As demand for aluminum beverage can bodies and ends continues to outstrip supply across North America, we have decided to invest in a new 3-line beverage can bodies facility in Muncie, Indiana. This new facility is expected to be operational beginning in Q4 2022 and is currently backed by long-term contracts signed with multiple customers. During the last several months, we have increased our customer portfolio in the U.S. from three to eight. The total estimated investment for this facility is approximately $380 million. We will also invest an additional $10 million to expand ends production capacity at the Olyphant, PA facility in support of this new investment.

In addition to the above, due to increased demand for aluminum beverage can bodies and ends in the Northeastern U.S. region, we have decided to invest in a fourth line at our Olyphant facility. This incremental investment is estimated at $104 million and is expected to be finalized in Q4 2022.

Chief Executive Officer, Roberto Villaquirán, Commented:

“We are delighted to deliver a strong performance across our businesses. This was supported mainly by our continued market leading growth coupled by strict cost control and operational efficiency gains. With sustainability and innovation at the core of our strategy and differentiation, CANPACK is proud to be a leader in creating what we believe is the perfect platform and enabler for FMCG and brand owners to excel.”

About CANPACK

CANPACK Group, part of Giorgi Global Holdings, Inc, is a global manufacturer of aluminum beverage cans and packaging solutions for the food and beverage industries, as well as glass bottles and metal closures. Headquartered in Krakow (Poland), CANPACK employs nearly 8,000 people worldwide and has operations in 17 countries. For more information, visit www.canpack.com.

Conference Call Details

The Company will host a conference call at 14:00 BST / 15:00 CET / 09:00 EDT on Thursday May 27, 2021 to discuss its financial results with the investment community. Investors and analysts wishing to attend this event can request registration via email at IR@canpack.com or click on the following link.

More detailed financial information can be found on the Company’s IR website at the Financial Results and Bondholder Downloads section (click here to gain access).

Forward-Looking Statements Disclaimer

These forward-looking statements can be identified by the use of forward-looking terminology, including the terms “anticipate,” “assume,” “expect,” “suggests,” “plan,” “believe,” “intend,” “estimates,” “targets,” “projects,” “forecasts,” “should,” “could,” “would,” “may,” “will” and other similar expressions or, in each case, their negative or other variations or comparable terminology.

All statements other than statements of historical facts included in this document, including, without limitation, statements regarding our future financial position, risks and uncertainties related to our business, strategy, capital expenditures, projected costs and our plans and objectives for future operations, may be deemed to be forward-looking statements. These forward-looking statements are subject to a number of risks and uncertainties.

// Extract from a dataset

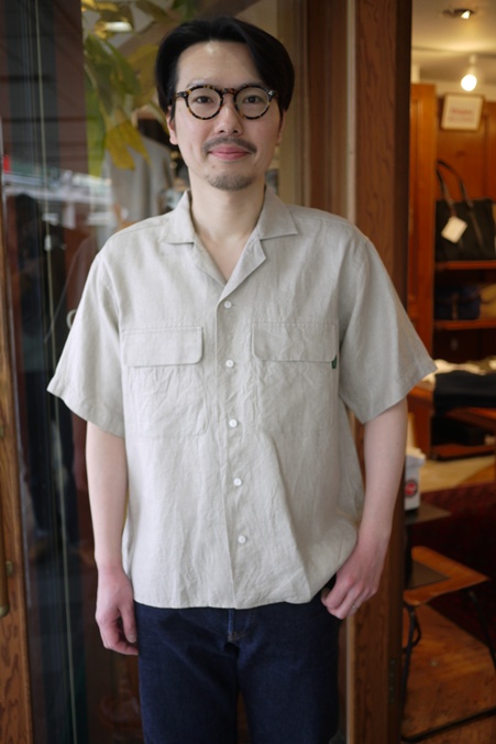 TAKE & SONS "LINEN OPENCOLLAR SHIRT" NATURAL

We caution you that forward-looking statements are not guarantees of future performance and that our actual results of operations, financial condition and liquidity, and the development of the industry in which we operate, may differ materially from those made in or suggested by the forward-looking statements contained in this document. In addition, even if our results of operations, financial condition and liquidity, and the development of the industry in which we operate are consistent with the forward-looking statements contained in this document, those results or developments may not be indicative of results or developments in subsequent periods.

Any forward-looking statement that we make in this document speaks only as of the date on which it is made, and we do not intend to update such statements. Comparisons of results for current and any prior periods are not intended to express any future trends or indications of future performance, unless expressed as such, and should only be viewed as historical data. By their nature, forward-looking statements involve risks and uncertainties because they relate to events and depend on circumstances that may or may not occur in the future and may not be within our control.

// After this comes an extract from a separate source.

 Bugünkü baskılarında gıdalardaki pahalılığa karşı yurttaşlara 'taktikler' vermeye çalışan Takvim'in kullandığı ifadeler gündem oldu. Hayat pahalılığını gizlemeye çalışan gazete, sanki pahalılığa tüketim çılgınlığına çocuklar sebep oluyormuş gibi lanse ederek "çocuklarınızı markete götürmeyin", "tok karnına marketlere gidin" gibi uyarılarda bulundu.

Moreover, the Company operates in a very competitive and rapidly changing environment. New risk factors emerge from time to time, and it is not possible for us to predict all such risk factors, nor can we assess the impact of all such risk factors on our business or the extent to which any factor, or combination of factors, may cause actual results to differ materially from those contained in any forward-looking statements. Given these risks and uncertainties, you should not place undue reliance on forward-looking statements as a prediction of actual results.

Non-GAAP Measures

The above press release contains certain financial measures and ratios, including adjusted EBITDA, free cash flow, net leverage, changes in working capital, beverage can bodies volume and capital expenditures, that are not required by, or presented in accordance with, U.S. GAAP (the “Non-GAAP Measures”).

We present these Non-GAAP Measures because they are measures that our management uses to assess operating performance and liquidity, and we believe that they and similar measures are widely used in our industry as supplemental measures of performance and liquidity. These measures may not be comparable to other similarly titled measures of other companies and are not measurements under U.S. GAAP or other generally accepted accounting principles.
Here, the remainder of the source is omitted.